Terry Winters: Schema
Terry Winters’ 75 drawings that comprise Schema seem based in part on existing images of natural phenomena–animal, vegetable, or mineral–and in part on some fabricated stuff of the imagination. There is a constant tension in these works between the actual, or the scientific, and the “stuff” of art, or the imagination.
Winters’ motifs are derived from diagrams, natural matter, and science. These images are then reformed—redrawn, repainted, rescaled—and forcefully artificialized by the artist. Their actual source is not important; however, the sense that there is a source of some sort is crucial. Elemental and primal in feeling—without being universal—Winters’ forms evoke diverse bodily functions of organisms of all kinds, from simple cell division to human sexual intercourse. His motifs suggest cellular aggregates (both spherical and linear), cross sections, successive stages of embryonic development, or emergent crystal formations.
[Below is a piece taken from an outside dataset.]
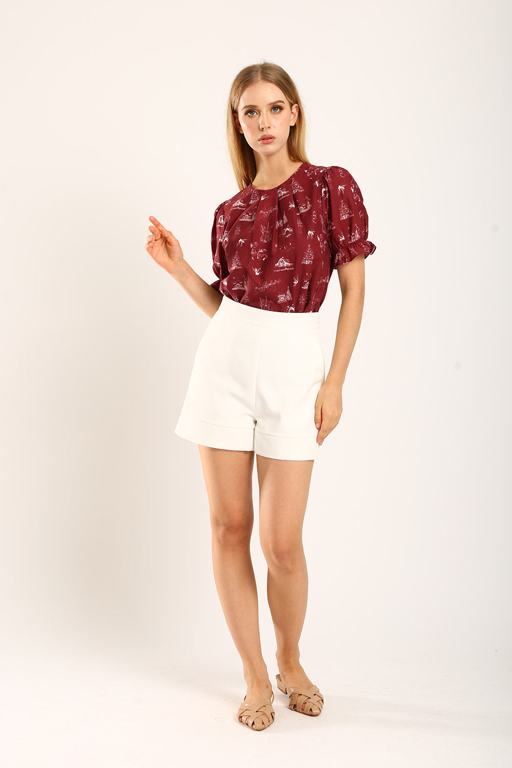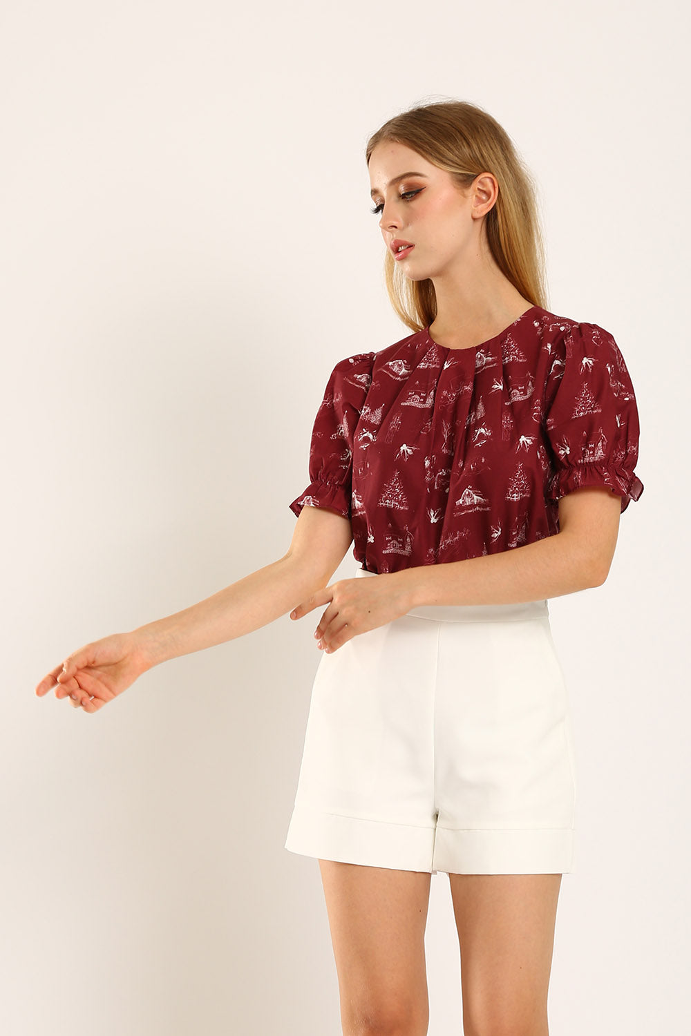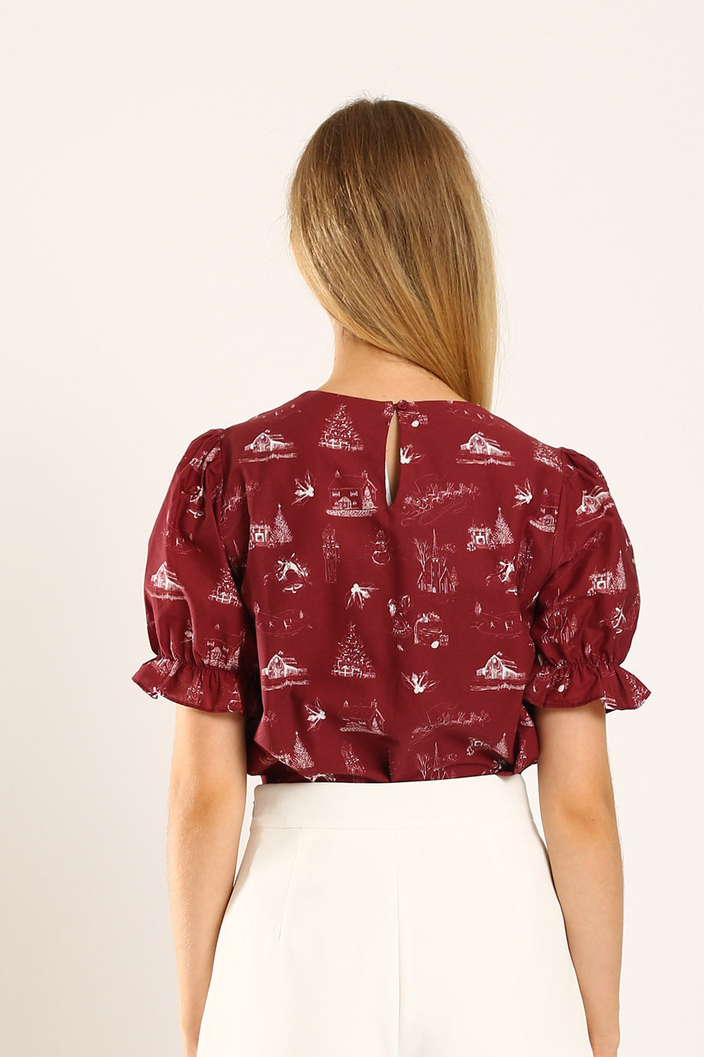Geia Holiday-Inspired Blouse with Red Festive Print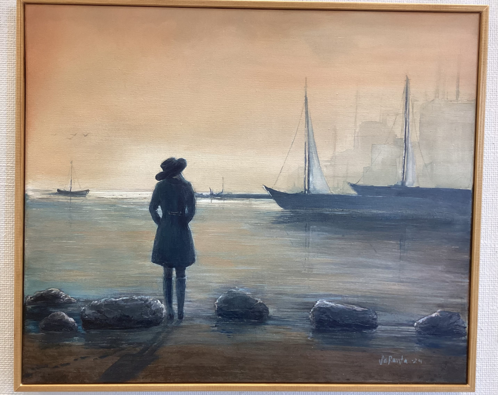 Kuvaus: Teos 3.10.asti Galleria Palkki. Näyttelykehys (tammen värinen puulista) paikallaan

In Schema Winters presents a multiplicity of motifs and surface treatments. These are the first drawings Winters has made that are as physically complicated as his paintings. They are also his first to embrace color extensively, although many of them continue his long-term involvement with the disparate tonalities of black. “All images are actual size,” the artist has written, announcing their ultimate autonomy. But the drawings also speak of a complex interdependence of the “natural world.”